Горе, усталость, жара; изобилие шпиков; милиционер-регулировщик, заставляющий всех выходить из машин на шоссе и загоняющий машины на нашу улицу; Воронков, с утра лично обозревающий вверенный его попечениям поселок; иностранцы, лопающиеся от любопытства, карабкающиеся со своими аппаратами на заборы и деревья, – и сквозь все это какое-то странное чувство торжества, победы.

Чьей-то победы. Не знаю чьей. Быть может, его стихов? Русской поэзии?

Нашей с ним неразрывной связанности?

Никто над его могилой не произнес Слова, которое жаждали услышать сосны, люди, поля. Но студенты до темного вечера читали его стихи. Наверное – это и было самое лучшее Слово.

Толпа была пронизана гавриками.

Но гроб от дома до ямы пронесли на руках – по шоссе и на гору, к трем соснам. Вдоль заборов во весь путь молча, мужчины без шапок, женщины в платках, стояли люди. Встречные машины вынуждены были пятиться, отступать перед гробом, утыкаться в кюветы, и не смели торопить нас гудками.

Толпа двигалась молча, торжественно, сознавая свою правоту.

Одни от пастернаковских ворот пошли через поле прямо на кладбище, другие – кругом, по шоссе, вслед за гробом. <…>

Я уже прошла через столовую, где он лежал сегодня высоко, пышно, среди лент, венков, цветов, уже откровенно торжествующий и победительный. В честь его торжества тихо и непрестанно играла музыка: сменялись Юдина и Рихтер. На стуле в столовой плакала Нина Табидзе. Стояли Лёня и Стасик. Стояла у гроба Зинаида Николаевна – я поклонилась ей, но она отвела глаза. Зато с Ольгой мы встретились глазами еще во дворе: она была неминуема у левого крыльца, через которое все входили в дом. Я не поняла, стояла она там у двери или на чем-то сидела. <…>

Музыка.

Несут гроб. Несут венки.

На одной ленте я прочитала: «от семьи Ивановых». На другой: «от Литфонда».

Пронесли и наши два: «Корней Чуковский», «Лидия Чуковская».

Щелканье аппаратов. Нагло щелкают прямо в лица. Снимают не покойного, а нас, толпу.

И вот я иду вместе со всеми, в толпе, глотая пыль. Гроб от меня не очень далеко. Его несут Женя Пастернак, Кома Иванов, Копелев, Володя Корнилов. Стоят, стоят люди вдоль заборов. Когда, после мостика через Сетунь, толпа свернула и начала подниматься в гору – я задохнулась и отстала. Гроб уплыл далеко вперед – туда, наверх, к соснам.

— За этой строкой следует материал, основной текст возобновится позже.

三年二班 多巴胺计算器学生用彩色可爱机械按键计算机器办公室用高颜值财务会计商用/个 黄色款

– «И к лику сосен причтены». Помните? – спросил Харджиев.

Гроб плыл на вершину, к соснам. Люди, поспевая за ним, шли все быстрее… <…>. Открыл митинг и произнес речь Асмус. Слова были какие-то никакие, несущественные, но они и не оскорбляли пустотою, потому что Валентин Фердинандович говорил горестно. Я слышала голос, горе, а не фразы.

(Паустовский нашел бы слово, но, как мне объяснили потом, он, из-за больной гортани, в этот день мог только шептать.)

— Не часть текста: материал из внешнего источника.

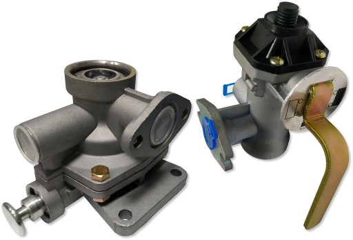 Następnie podłączając ponownie przyczepę do pojazdu ciągnącego, zawór ten przestawia się w położenie, które pozwoli nam zasilić go powietrzem oraz sterować hamulcami tej przyczepy przez pojazd ciągnący.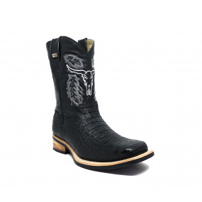 Bota de Jacaré Havana Escuro - Cano Curto, Bico Quadrado, Solado X-Flex Artesanal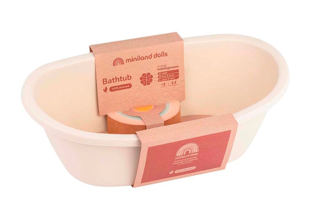 Rub a dub dub! This bathtub is built to give your MIniland Dolls a relaxing bath, rainbow sponge included. Fits all Miniland doll models. Made with environmentally conscious materials.
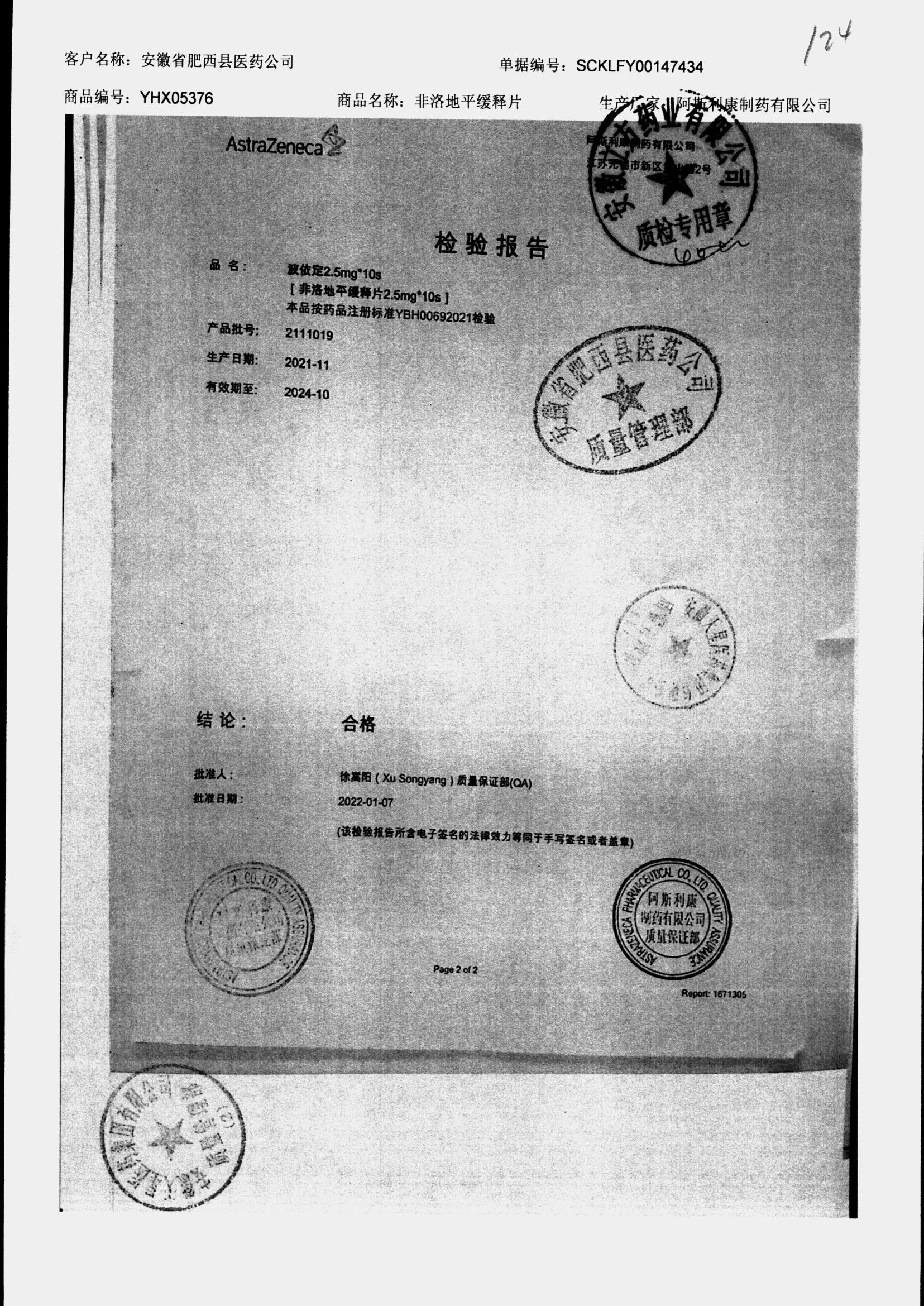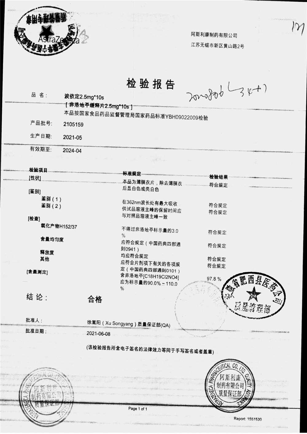 非洛地平缓释片 | 2.5mg*10s | 2111019/1 | 查看详情 |

Артист Николай Голубенцев прочел: «О знал бы я, что так бывает».

Асмус закрыл митинг, сказав, что Борис Леонидович не любил длинных речей об искусстве.

И вдруг кто-то – я не видела кто, но голос неинтеллигентный, – заявил, что будет говорить «от имени рабочих».

– Ты написал книгу, но ее задержали. А ты был за правду. – Обрыв. Кто-то что-то прошипел. И в ответ на шип – девичий голос:

– Не затыкайте ртов!

Молчание. Жду нового голоса. Тот же? другой?

Нет. Слава Богу, юноша читает «Гамлета»:

– И неотвратим конец пути…

Потом другой юноша-невидимка говорит от имени богословов: Пастернак был христианин.

Начинают опускать гроб. Слышу по окрикам, стукам, топотам: гроб в яму не лезет. Зычная команда:

– Раз! Два! Три!

(Каково-то сейчас Жене?)

Мягко-жесткий, глухой, страшный звук комьев земли.

Опустили.

* * *

От нас ушел Б.Л. Пастернак, один из крупнейших писателей русских. Его отличало огромное поэтическое дарование, мастерство русской поэтической речи, редкая не только по широте охвата, но и по точности, по проницательности художественная восприимчивость ко всем видам искусства: к музыке, скульптуре, живописи, искусству сцены.

Большим писателем его делала не только эта одаренность. Большим писателем его сделало стремление и умение говорить на языке своего искусства: он требовал и от себя самого и от товарищей по искусству, чтобы искусство было не забавой, не услаждением, не оттачиванием мастерства ради мастерства, а уяснением – себе и через свое искусство – другим людям открывшегося писателю особого понимания явлений жизни.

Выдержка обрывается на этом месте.